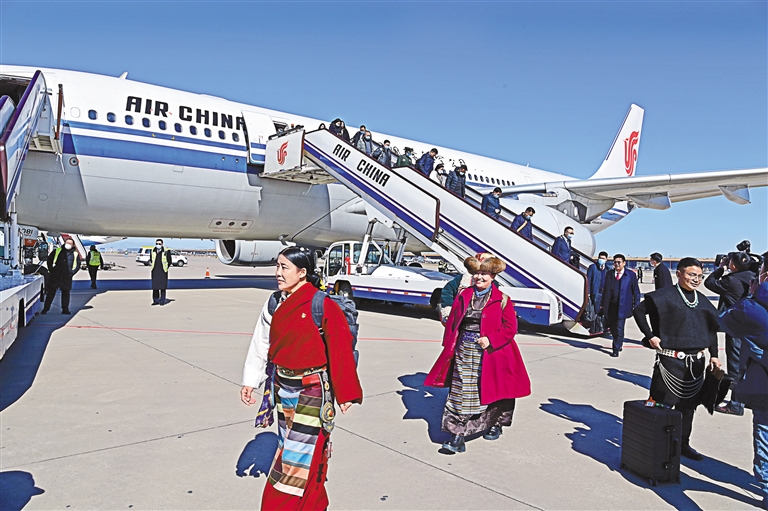 3日下午,出席十四屆全國人大二次會議的西藏全國人大代表、出席全國政協(xié)十四屆二次會議的住藏全國政協(xié)委員乘機抵達首都北京,正式開啟“兩會時間”。
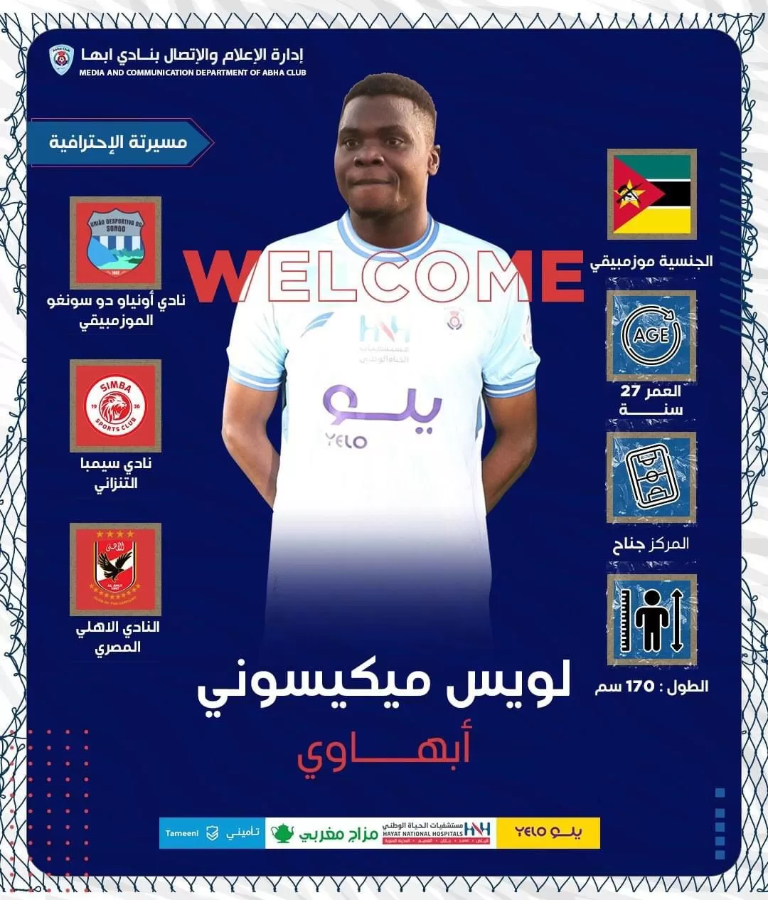 جاء البيان كالتالي:” وقعت إدارة نادي أبها عقداً احترافياً مع اللاعب الموزمبيقي لويس ميكيسوني بنظام الإعارة لمدة موسم رياضي واحد، قادماً من نادي الأهلي المصري .
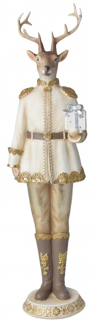 Renifer ceramiczny z prezentem ecru surdut

-*-*-

**What to work on:** Return the full listing exactly as written, without any of its images.

**Solved exercise:**
 3日下午,出席十四屆全國人大二次會議的西藏全國人大代表、出席全國政協(xié)十四屆二次會議的住藏全國政協(xié)委員乘機抵達首都北京,正式開啟“兩會時間”。
 جاء البيان كالتالي:” وقعت إدارة نادي أبها عقداً احترافياً مع اللاعب الموزمبيقي لويس ميكيسوني بنظام الإعارة لمدة موسم رياضي واحد، قادماً من نادي الأهلي المصري .
 Renifer ceramiczny z prezentem ecru surdut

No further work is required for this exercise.